If ratings mean anything, the first Democrat Party debate has come and gone with about half the public interest inspired by each of the first two Republican Party debates. No matter, the debate was” oh, so civil”; the Democrats themselves said so, seconded by the New York Times in its analysis. Case closed.

There’s really no reason to deny it; they were civil. And why shouldn’t they have been? When you don’t disagree on anything, what is there to argue about?

US Senator, Bernie Sanders.

US Senator from Vermont, Bernie Sanders.

Easily the most interesting figure on the Democrat side this year, Bernie Sanders, a self-professed “democratic socialist,” has set the bar for all other candidates on issues, though perhaps not on style, and, with the exception of Jim Webb (who really should switch parties), the rest of the field gathered itself for the challenge and leaped over the hurdle with no trouble at all—because for them there was no hurdle.

Comrade Sanders’s platform was an ideal leftist’s resume: free college tuition, paid leave, increased Social Security payments, fifteen-dollar minimum wage, the nuking of Wall Street, Black-Lives-Matter (from embarrassing necessity if you’ve seen Bernie’s pusillanimous confrontation with the minions of that group), and gun-control. All that was missing was paid vacations to the former Soviet Union (where a younger Bernie spent his honeymoon).

The total bill of Sanders’ reforms has been estimated at eighteen trillion dollars, but it’s the stance de rigueur of the rest of the candidates, excepting poor Jim Webb.

Yet even Webb’s Achilles’s heel was exposed when he was asked: “Do you support the undocumented immigrants’ getting Obamacare?” Former-senator, former-Secretary of the Navy, former-Vietnam-Veteran Webb hesitated, perhaps longer than the scripted Hillary would have dreamed of doing, and finally replied: “I wouldn’t have a problem with that.”

The pause, as the saying goes, was pregnant. Setting aside my suspicion that Webb really did not believe his own answer, I think it was pretty obvious that every candidate on stage agreed.

Former First Lady, Hillary Clinton.

Former First Lady, Hillary Clinton.

Imagine the implications of the proposal: free medical care—perhaps free everything— for anyone who illegally enters the country. Webb’s response, when it did come, reminded me of something generally forgotten, but which, I, being a Texan, recall.
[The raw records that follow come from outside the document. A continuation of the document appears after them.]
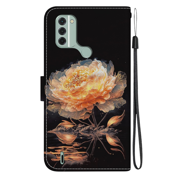 Funda para Nokia C31 de Cuero con Dibujo Coloreado y Textura de Cristal (Peonía Dorada)
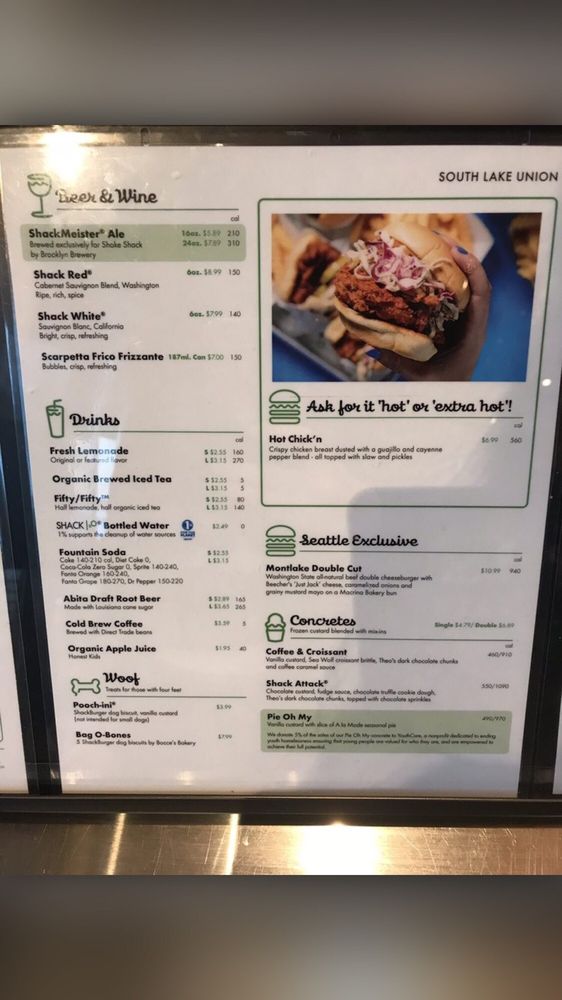 Shake Shack South Lake Union, located at 2115 Westlake Ave in Seattle, offers a diverse menu of delicious burgers, chicken dishes, and crinkle cut fries. The Avocado Bacon Burger, featuring Angus beef topped with freshly sliced avocado, applewood-smoked bacon, and ShackSauce on a toasted potato bun, is a standout option. For chicken lovers, the Avocado Bacon Chicken offers a crispy chicken breast with avocado, bacon, and buttermilk herb mayo. Don't miss out on their Bacon Cheese Fries, crispy crinkle cuts topped with cheese sauce and bacon. With options for vegan diners, and amenities like outdoor seating, Wi-Fi, and waiter service, Shake Shack South Lake Union provides a welcoming and satisfying dining experience for all.
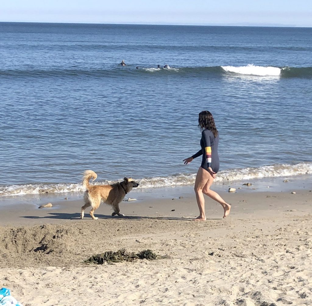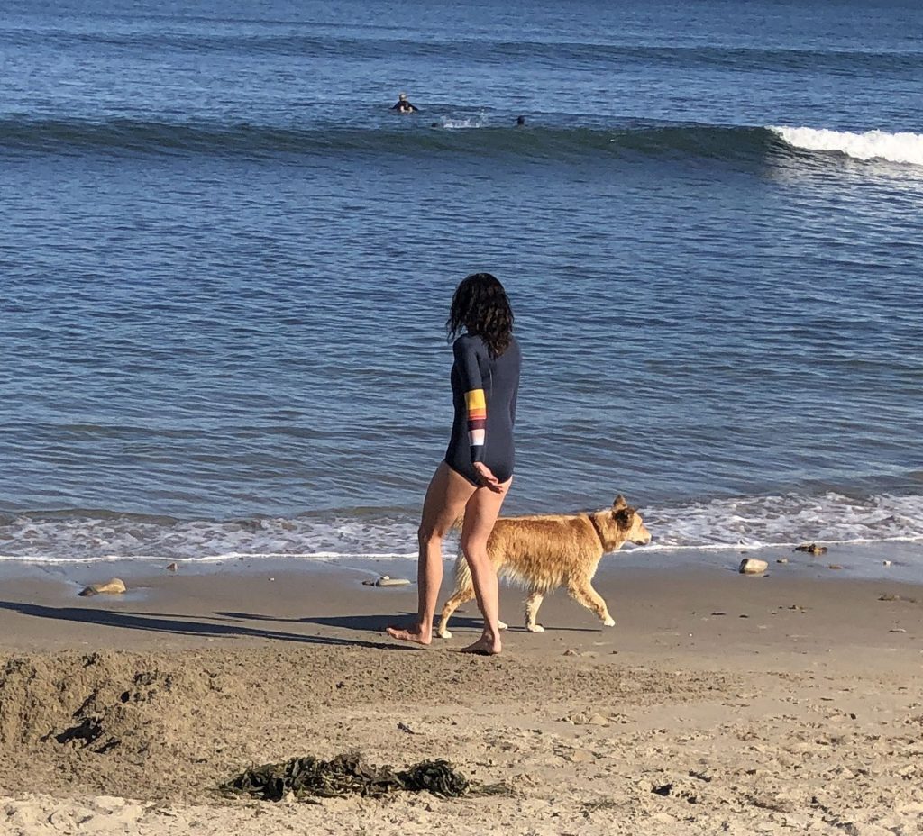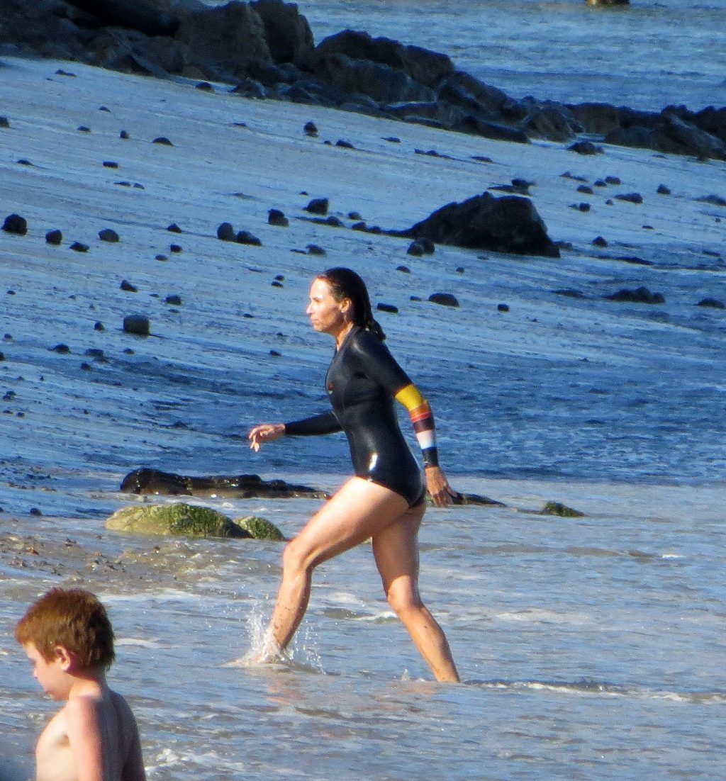 La actriz Minnie Driver (50) es vista nadando en medio del océano usando un traje de neopreno con las piernas cortadas en Malibu, California, 10/06/2020.
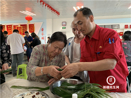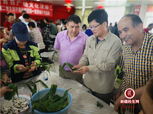 活动中,各族干部群众“大显身手”,乌买尔·奴尔和他的亲戚史胜波在听取了包粽子技巧后,开展了竞赛,看谁能在最短时间里能将粽子包的又快又好,只见他们将粽叶叠好,把糯米放进粽叶里,还放入准备好的红枣、红豆等配料,随后用力将糯米及配料压紧,最后用线在粽子外绕几圈,在欢声笑语中,一个个粽子包好了,成绩不分上下。
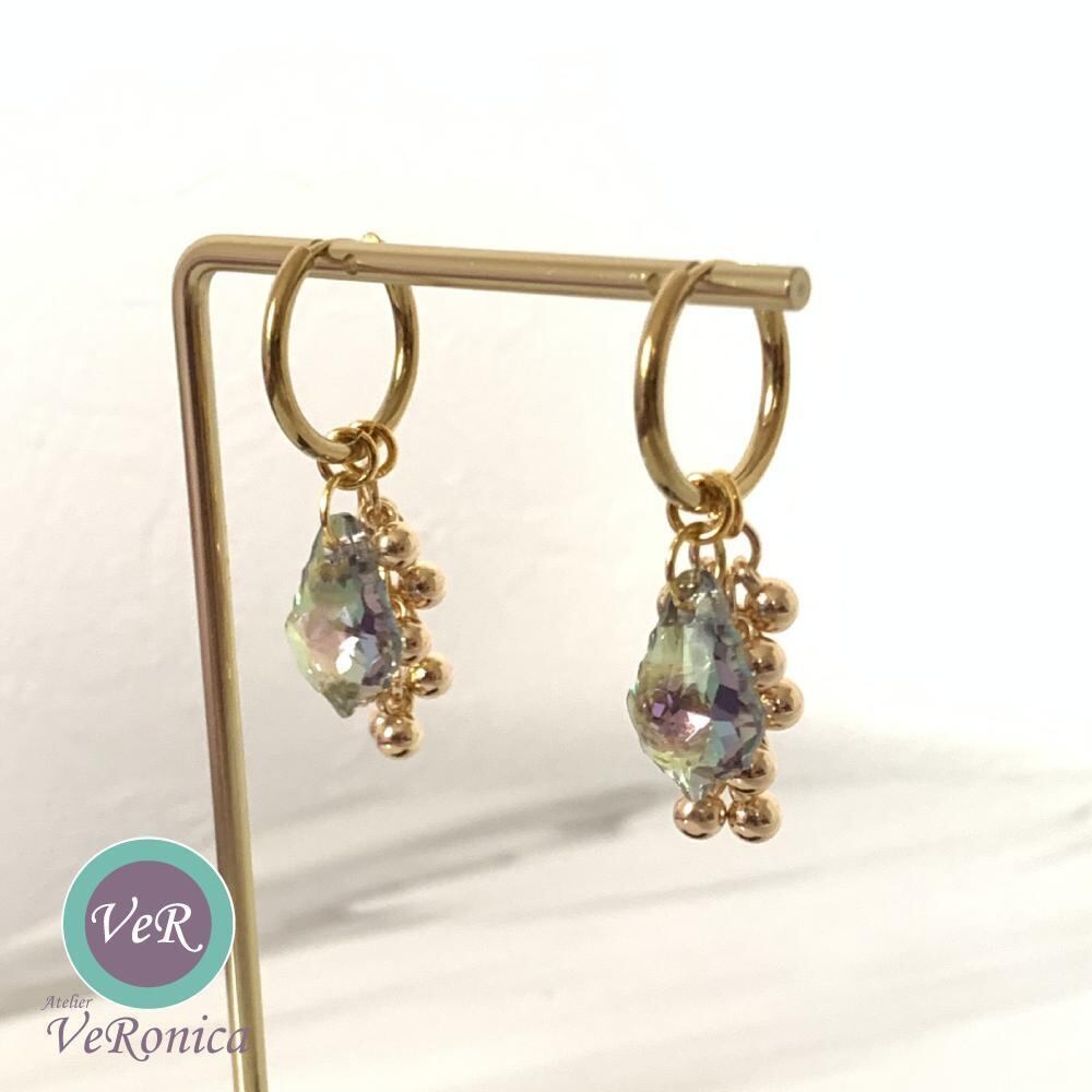 葉っぱのビーズのピアス ハンドメイド ゴールド きらきら ビーズ
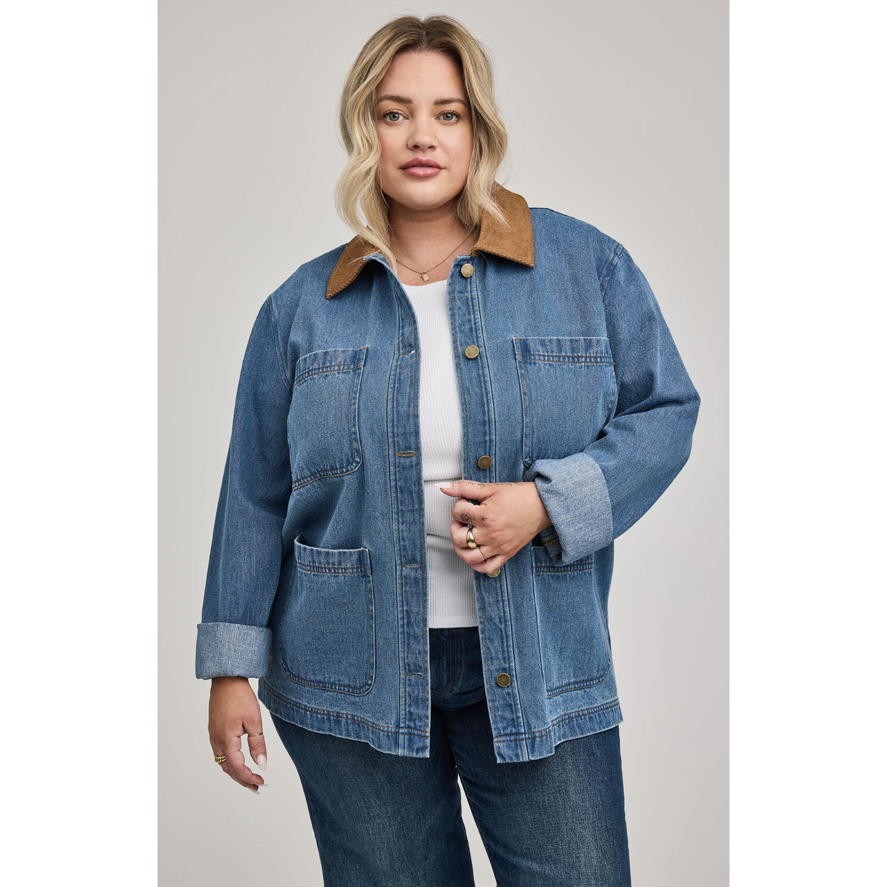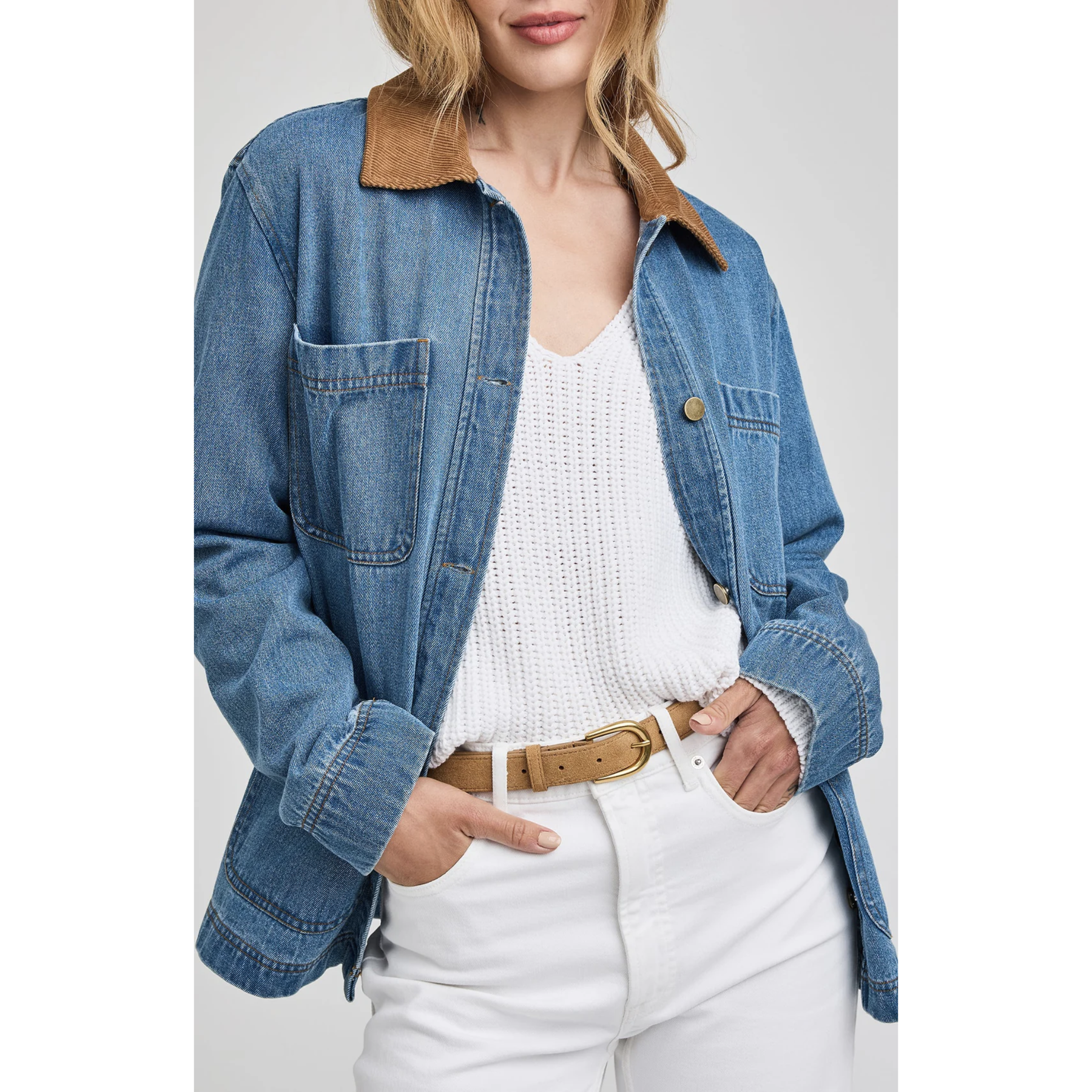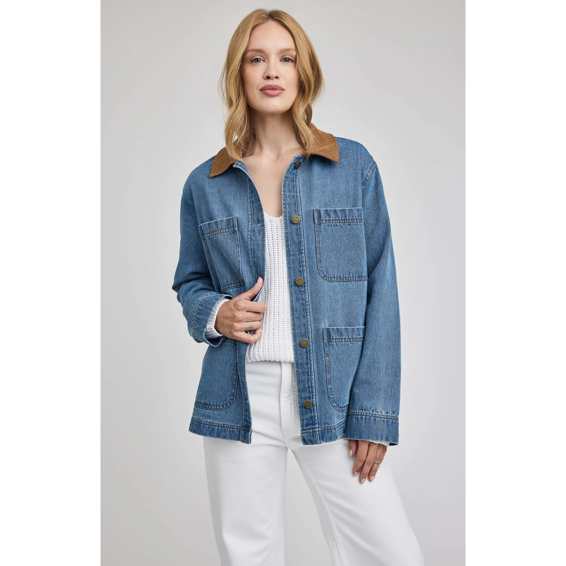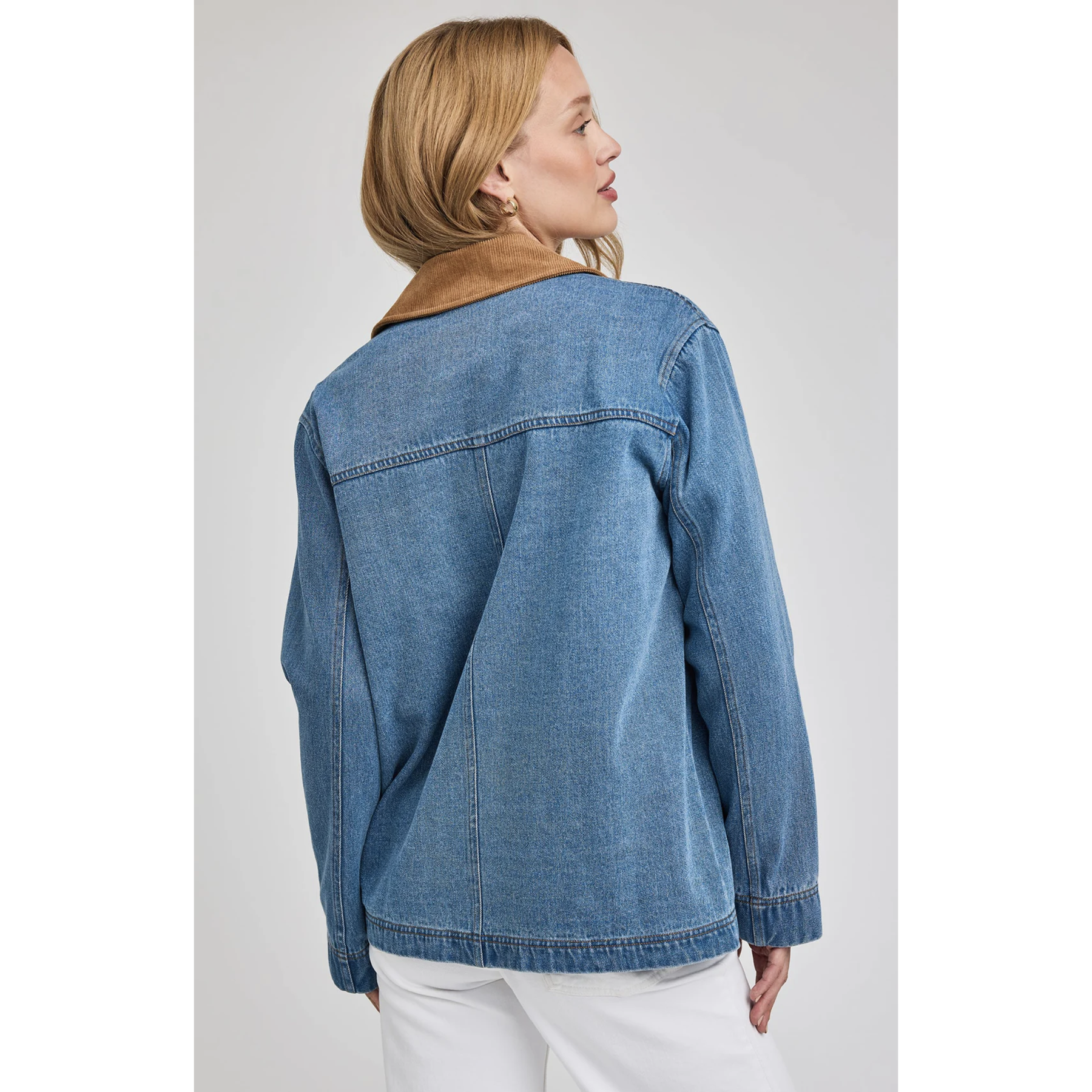 The Flynn jacket is made of a heavy weight denim fabric that has been specially washed for a perfectly lived-in look. The effortless silhouette with a relaxed fit features patch pockets and a contrast corduroy collar.

In 2009, Federal Judge William Wayne Justice died. A small matter; but this from the New York Times obituary:

In 1978, Judge Justice struck down a Texas law that let public school districts charge tuition for the children of illegal immigrants. When the ruling was upheld 5 to 4 by the Supreme Court in 1982, millions of children had the right to a free education.

“There was absolutely no case law on it,” Judge Justice said in an interview with The Star-Telegram in 1998. “I found no case, no statute that covered the point of law that I had to decide. So I guess I made my own little contribution.”

Quite a “contribution”; if you can’t find a law on something, invent one.
Constitutionally, as John Hardy, an attorney for the defendant Tyler [Texas] Independent School District noted, Justice found “no case” in law that prohibited tuition for non-citizens because no one had ever seen any reason to challenge the right of state in such matters. It was the clear right, at least according to a rather antiquated language of the tenth amendment, for states and local entities to charge what they deemed reasonable for aliens—legal or otherwise—to enjoy the benefits usually granted to citizens who paid taxes for those benefits. But the school district lost.

Former US Senator, Jim Webb.

Former US Senator, Jim Webb.

Hilary Clinton and, if he’s true to his word, Jim Webb ought to make a pilgrimage each year to Judge Justice’s grave. A direct result of his ruling is the mad phenomenon of bilingualism, today’s porous borders, and the oddball theory that anyone in the world is ipso facto a direct beneficiary of American institutions.

That no Democrat can oppose these developments with the slightest degree of credibility ought to be obvious. As early as 1965, Ted Kennedy argued for the relaxing of immigration laws in the cynical belief that open borders meant millions of future Democrat voters. Lyndon Johnson appointees such as William Wayne Justice were more than willing to place the legal imprimatur on the idea. And today the Democrats vying for the 2016 nomination march in lockstep with what is no more than a venerable party tradition, along with a few Republicans seeking the same office.

What is the future of the last and greatest bastion of the West if open border policy yields its likely results? Anyone who entertains the thought must shudder at the prospect. For those whose imaginations balk at the idea, I recommend Jean Raspail’s The Camp of the Saints (Le Camp des Saints). Written in 1973, it depicts a mass invasion of Bernie Sanders’s paradise, democratic-socialist Europe, by a hoard of Eastern illegals. To sum up the plot, the West collapses.

Sort of like the Democrat Party today, which surrenders blithely, especially with election demographics and pure power as the real payoffs.